De volta a São Paulo, já recuperado, Miranda iniciou a luta em defesa dos moradores de rua. Em 2004, após o assassinato de sete pessoas que dormiam na Praça da Sé, região central de São Paulo, foi organizado o primeiro Movimento Nacional dos Moradores de Rua.
Luta pelos moradores de rua
Em 2005, aconteceu o primeiro seminário da população de rua em Brasília, que reuniu diversos representantes da sociedade civil e do governo federal para discutir a questão. No ano seguinte, foi criado um Grupo de Trabalho Interministerial (GTI) para elaborar uma Política Nacional para a População de Rua.
O segundo encontro nacional da população em situação de rua ocorreu em 19 de maio último, em Brasília. No evento, estiveram presentes cerca 170 moradores e ex-moradores de rua, além de ONGs e ministros.
"Não queremos guetos. Queremos conviver"
De acordo com o Ministério do Desenvolvimento Social e Combate à Fome (MDS), A Política Nacional passou por ajustes neste encontro. Quando o novo texto estiver pronto ele será encaminhado ao presidente Lula para que se torne um decreto.
A intenção, conforme o governo, é que os ministérios envolvidos no programa transformem as diretrizes da política em plano de trabalho.
Miranda afirma que a Política Nacional pede principalmente a inclusão do morador de rua nos programas já existentes. “Não queremos a criação de banheiros públicos só para moradores de rua. Não queremos gueto, queremos conviver”, explica.
"Não consigo sair da rua, se eu não ficar duas ou três noites dormindo na rua eu enlouqueço"
Entre as propostas, está a de que 5% das vagas de moradia da Companhia de Desenvolvimento Habitacional e Urbano (CDHU) sejam destinadas à população de rua.

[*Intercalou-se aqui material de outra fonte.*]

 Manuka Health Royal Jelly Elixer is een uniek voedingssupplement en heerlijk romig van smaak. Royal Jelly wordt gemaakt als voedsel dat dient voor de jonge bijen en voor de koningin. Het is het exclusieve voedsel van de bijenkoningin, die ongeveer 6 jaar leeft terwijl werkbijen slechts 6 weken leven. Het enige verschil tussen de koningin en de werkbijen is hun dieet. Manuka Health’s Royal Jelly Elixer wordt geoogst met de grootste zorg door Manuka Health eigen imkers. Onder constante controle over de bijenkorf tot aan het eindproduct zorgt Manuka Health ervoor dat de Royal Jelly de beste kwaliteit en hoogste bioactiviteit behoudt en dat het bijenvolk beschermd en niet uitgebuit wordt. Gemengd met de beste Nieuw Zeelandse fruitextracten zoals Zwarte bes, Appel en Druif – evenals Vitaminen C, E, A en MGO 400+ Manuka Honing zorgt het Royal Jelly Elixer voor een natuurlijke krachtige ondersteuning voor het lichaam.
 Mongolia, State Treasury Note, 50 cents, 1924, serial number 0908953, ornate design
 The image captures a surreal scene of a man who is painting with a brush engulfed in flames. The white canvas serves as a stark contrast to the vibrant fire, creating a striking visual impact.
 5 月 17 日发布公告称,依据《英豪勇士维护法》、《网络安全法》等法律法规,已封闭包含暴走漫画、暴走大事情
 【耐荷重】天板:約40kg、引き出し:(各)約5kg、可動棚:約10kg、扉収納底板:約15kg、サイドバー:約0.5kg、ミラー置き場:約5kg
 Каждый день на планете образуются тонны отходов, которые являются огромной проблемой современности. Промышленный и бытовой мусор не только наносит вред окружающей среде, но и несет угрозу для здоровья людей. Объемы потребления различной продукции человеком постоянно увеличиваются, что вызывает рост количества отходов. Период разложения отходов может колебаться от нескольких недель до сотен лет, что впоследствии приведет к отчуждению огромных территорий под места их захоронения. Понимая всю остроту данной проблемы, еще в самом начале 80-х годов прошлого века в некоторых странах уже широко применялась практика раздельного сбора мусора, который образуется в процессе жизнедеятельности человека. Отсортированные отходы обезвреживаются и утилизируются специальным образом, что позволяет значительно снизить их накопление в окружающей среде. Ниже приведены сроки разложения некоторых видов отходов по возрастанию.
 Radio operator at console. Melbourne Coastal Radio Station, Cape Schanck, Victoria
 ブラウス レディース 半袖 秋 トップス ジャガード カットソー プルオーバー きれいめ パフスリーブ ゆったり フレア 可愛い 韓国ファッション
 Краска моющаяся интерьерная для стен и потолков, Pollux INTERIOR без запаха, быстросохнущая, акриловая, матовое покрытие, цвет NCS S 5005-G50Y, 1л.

Vida nova com hábitos antigos
Com residência fixa e carteira assinada, Miranda, hoje, pode dizer que saiu da situação de rua. Vive as duas filhas e a mãe delas em um apartamento da CDHU na Cidade Tiradentes, no extremo leste da capital. Mesmo com a casa, ele diz que não perdeu alguns hábitos antigos. “Não consigo sair da rua, se eu não ficar duas ou três noites dormindo na rua eu enlouqueço”, afirma.
Outro costume que permanece é o de recolher latinhas. Com a diferença que hoje não as vende mais, só repassa para quem precisa. “Mesmo trabalhando eu cato latinha, se não fizer isso eu perco a minha raiz. Minha vida sempre foi essa, nunca depender só dos outros. É o que me sinto feliz”, diz.